Clean Claims and Other Information for Health Providers

Because the Department of Insurance and Financial Services (DIFS) regulates the business of insurance transacted in Michigan, our authority pertains to contracts issued in Michigan.DIFS generally only accepts complaints from parties involved in the contract, such as the insured, policyholder or certificate holder. Because a health care provider is usually not a party to the health care contract, we generally do not accept complaints from providers.There are some exceptions to this policy, however.

DIFS will pursue appropriate complaints from participating providers acting as the authorized representative of a patient covered by a Michigan licensed health carrier; however, written authorization from the patient or their legal representative must be included with the complaint.

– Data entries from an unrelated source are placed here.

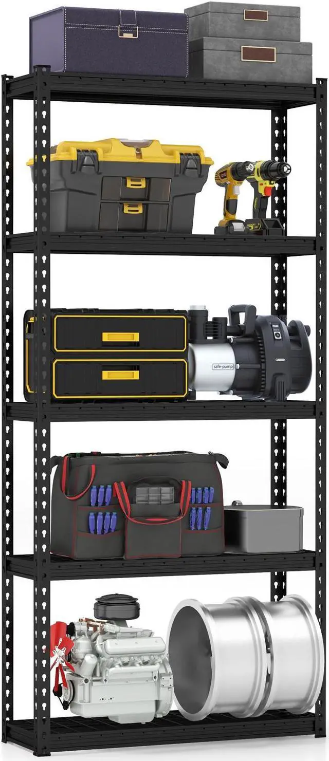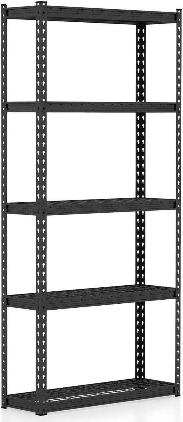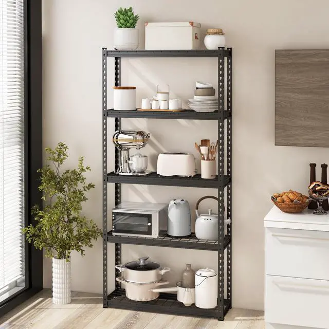 Premium Material: Crafted from high-quality powder coated metal, this 5-tier storage shelf guarantees durability and reliability for long-term use. Additionally, the powder-coated surface not only adds resistant to water and rust but also extend the lifespan of the standing shelf unit.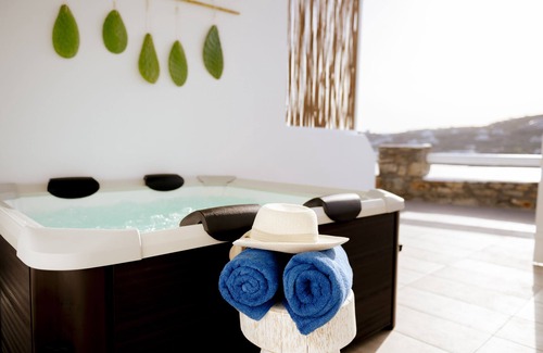 The beachfront apartment offers Cycladic-style accommodation with furnished balconies overlooking the Aegean Sea. It is an 50sqm house with a private veranda of 25sqm with private jacuzzi overlooking the Aegean Sea.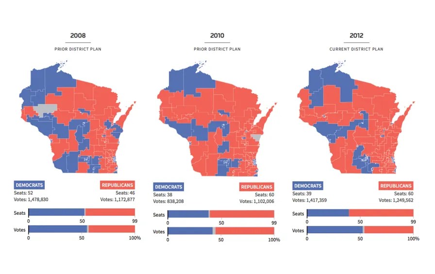 Obviously, there is a complete deadlock, and as a result of that, no winner can be declared. This is why districts are not drawn completely “fairly”, they are almost always drawn with a bias for one political party over the other. If there was a bias for party X when drawing district lines, the distribution would look like this:
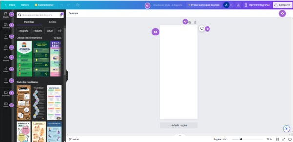 Hacer clic en diseño nos abrirá un buscador de plantillas prediseñadas, hacer clic en alguna aplicará el diseño a nuestro proyecto.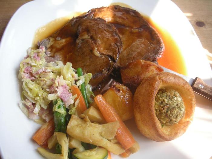 オーヴンでローストした塊肉(牛肉、鶏肉、豚肉、子羊肉など)を切り分けたものに、野菜やローストポテト、そしてヨークシャー・プディングを添えて・・・仕上げにグレイヴィーと呼ばれる、肉汁を基にしたソースをなみなみと!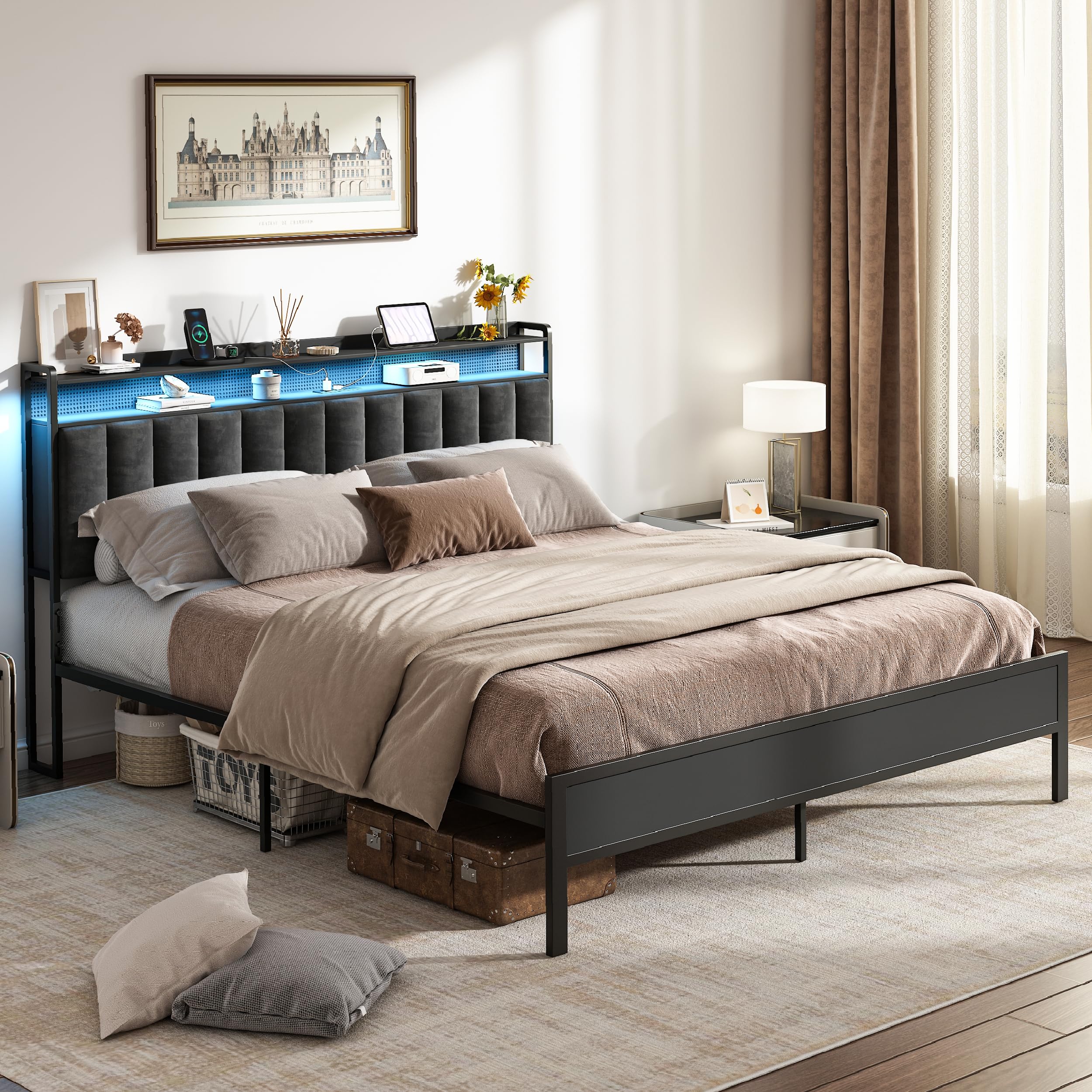 - Headboard with Charging Station: The King headboard only has 2 standard outlets and 2 USB ports built-in, you can charge your phone in bed at any time, conveniently charging your phone, tablet, smartwatch, lamp and other devices without having to get up and look for an outlet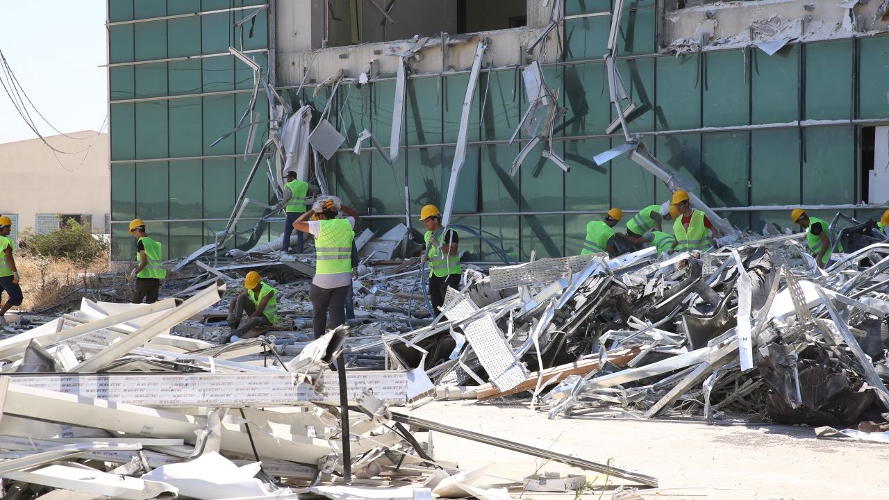 Çevresinde güvenlik önlemi alınan hastanede ekipler, ilk olarak söküm çalışması gerçekleştiriyor.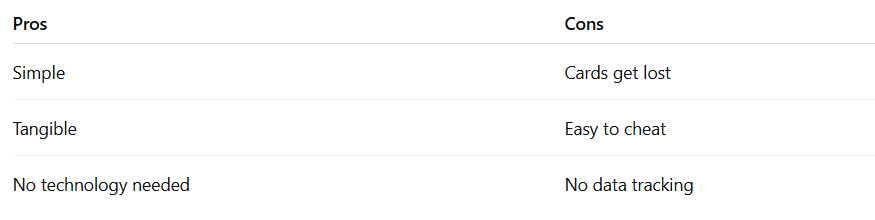 Keep a master list of cards issued (optional). When a card is full, collect it and provide the reward. Simple tracking.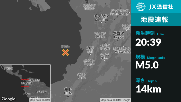 | 震源地 | コロンビアのMosqueraから北北西139kmの地点 |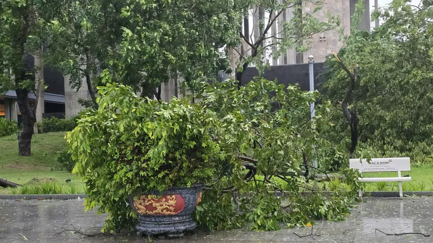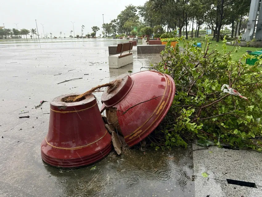 Nhiều vị trí có dự án đang xây dựng bị bão số 13 xé toạc; tôn chắn, bảng thông tin dự án bị gió thổi tan hoang. Các tuyến phố bị mất điện diện rộng.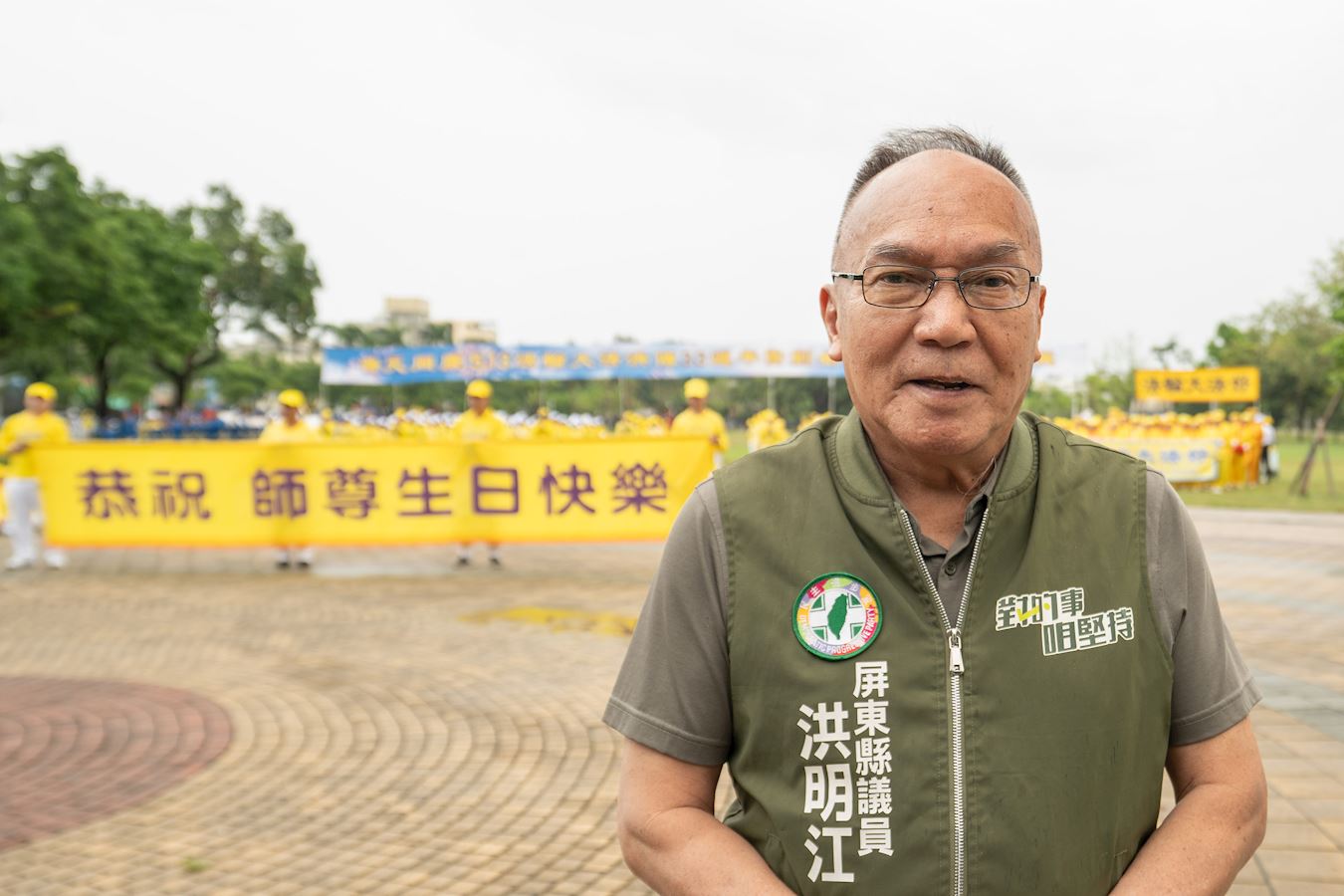 活动当天,屏东主流政要包括:立法委员钟佳滨、屏东县议员洪明江、财团法人非营利机构常务董事暨前县议员李清圣等也到场祝贺世界法轮大法日暨李洪志大师“生日快乐”!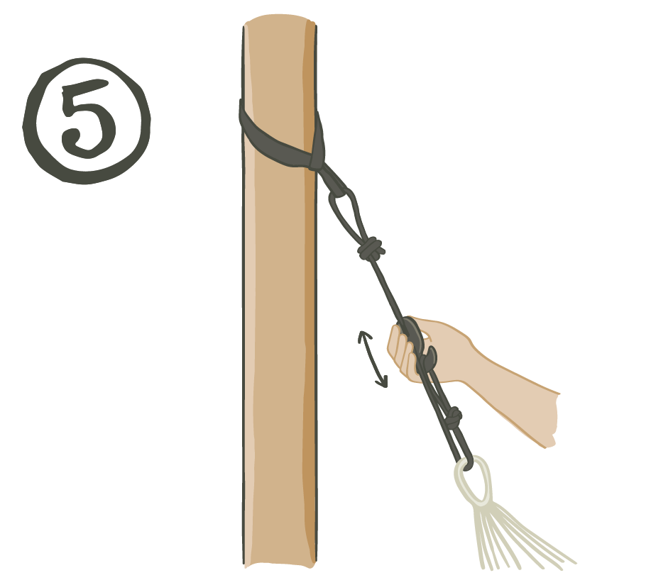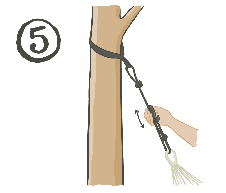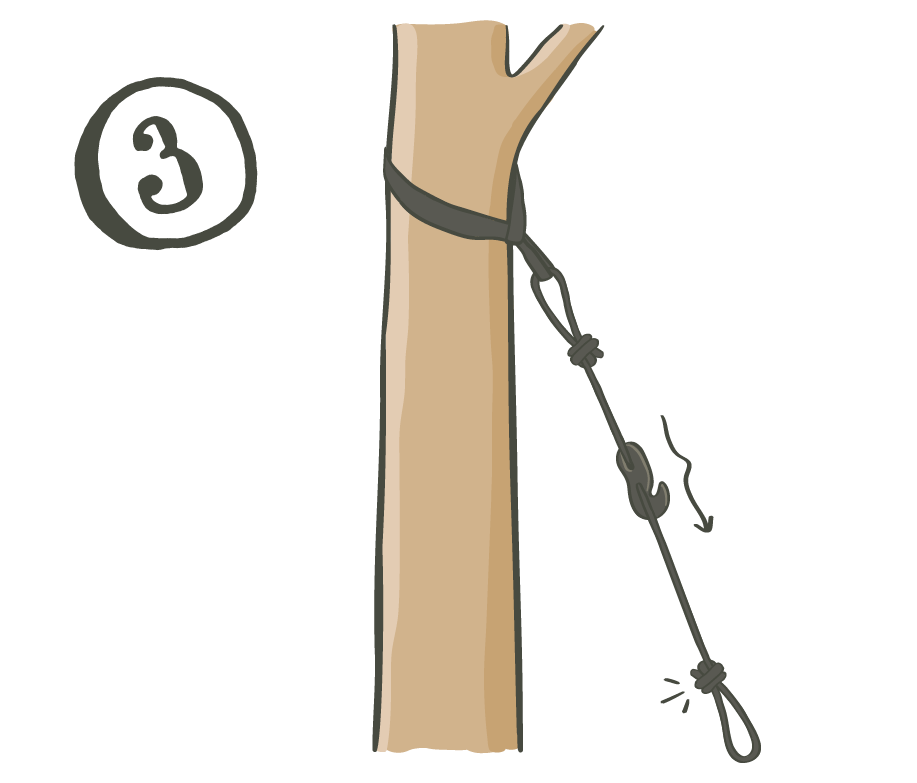 For example, if your spreader bar hammock is three meters long (9‘10“), there should be three meters (9‘10“) between the suspension points.

Complaints involving out-of-state health care plans should, in most cases, be pursued by the patient with the insurance regulatory agency of the state where the health care plan was issued or delivered.

What You Should Know

  • Providers occasionally have problems with receiving timely payment for submitted claims without any errors or other issues, often referred to as “clean claims.” Section 2006(7) to (14) of the Insurance Code was enacted to promote the timely handling of clean claim payments.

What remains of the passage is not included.